• _TASK DIRECTIONS_
Set down, exactly as written, the lines from the line holding "Tuvalu 1988 Red" to the end of the data, inclusive, skipping any pictures.
BEGIN
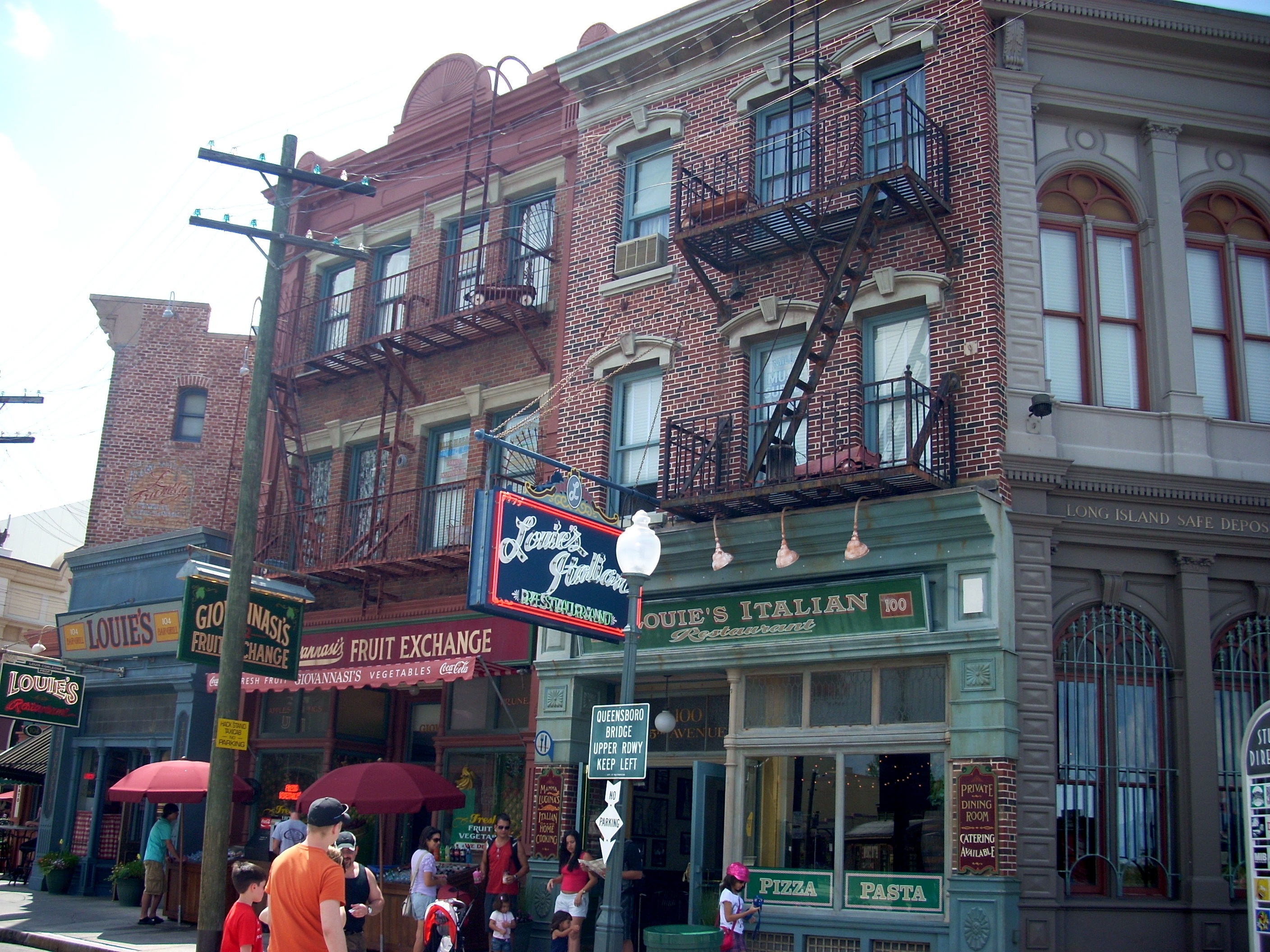 Louie's is a New York style 1950s Italian restaurant. The decor is great, as if they've created this to film Godfather movies here, an illusion which is heightened by the Godfather sound track playing softly in the background. The pressed tin ceiling, brick and wood trim, even the outside with its fire escape and authentic signing, is great for a few photos. But the food does not measure up unless you get there at the beginning of a cycle, 11 a.m. for lunch. The pizzas, pastas, and salads are actually pretty good when they first make them. But they set them out cafeteria style behind glass and under lights. Very quickly, they lose their taste. The sauces come straight from cans and when lukewarm have little appeal. The pastas become chewy and every item becomes bland. |
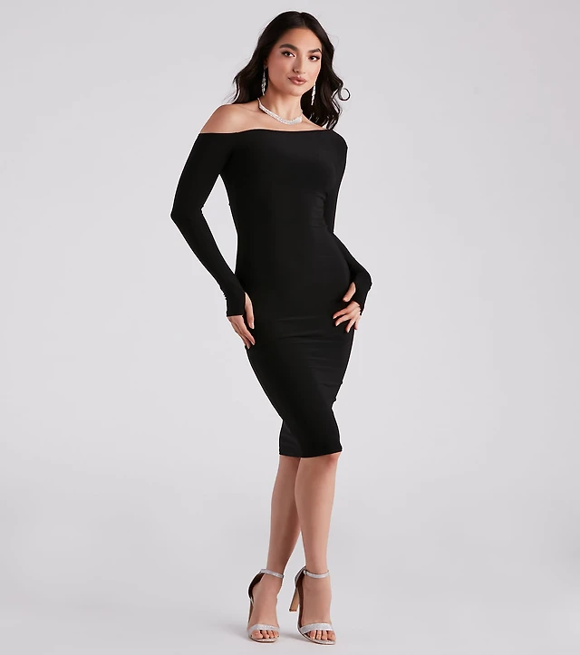 Deep Drama Long Sleeve Bodycon Dress
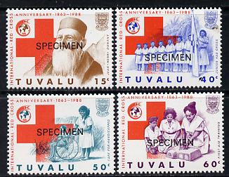 Tuvalu 1988 Red Cross set of 4 overprinted SPECIMEN (as SG 518-21) unmounted mint*
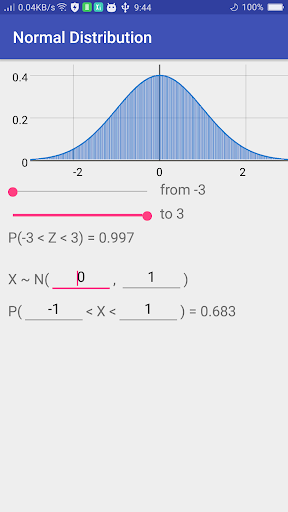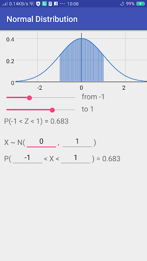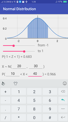 Это приложение рисует стандартное нормальное распределение и вычисляет совокупную вероятность между любыми двумя значениями на горизонтальной оси.
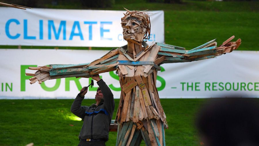 Un hombre construye una figura de madera en el parque Rheinaue durante la COP23. PATRIK STOLLARZ
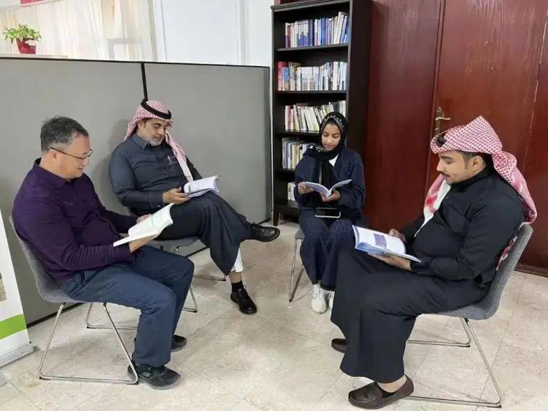 沙特项目部将“中国书架”摆放在办公区最醒目的位置,方便外籍员工读取。中方员工还当起义务“图书推荐员”,帮助外籍员工快速精准的挑选感兴趣的图书。沙特籍员工穆斯塔法翻看着图文并茂的《北京名物》,兴致勃勃的指着一页手绘彩图说:“北京还有这么多好风景,我得做个读书笔记,当作下次去中国旅游的指南。”沙特籍员工杜阿拿起几本儿童读物说:“我想借阅回去给孩子读,让他们知道爸爸工作单位的国家有如此精彩的文化,还有他们最喜爱的大熊猫。”
END
• _SOLVED EXERCISE_
 Tuvalu 1988 Red Cross set of 4 overprinted SPECIMEN (as SG 518-21) unmounted mint*
 Это приложение рисует стандартное нормальное распределение и вычисляет совокупную вероятность между любыми двумя значениями на горизонтальной оси.
 Un hombre construye una figura de madera en el parque Rheinaue durante la COP23. PATRIK STOLLARZ
 沙特项目部将“中国书架”摆放在办公区最醒目的位置,方便外籍员工读取。中方员工还当起义务“图书推荐员”,帮助外籍员工快速精准的挑选感兴趣的图书。沙特籍员工穆斯塔法翻看着图文并茂的《北京名物》,兴致勃勃的指着一页手绘彩图说:“北京还有这么多好风景,我得做个读书笔记,当作下次去中国旅游的指南。”沙特籍员工杜阿拿起几本儿童读物说:“我想借阅回去给孩子读,让他们知道爸爸工作单位的国家有如此精彩的文化,还有他们最喜爱的大熊猫。”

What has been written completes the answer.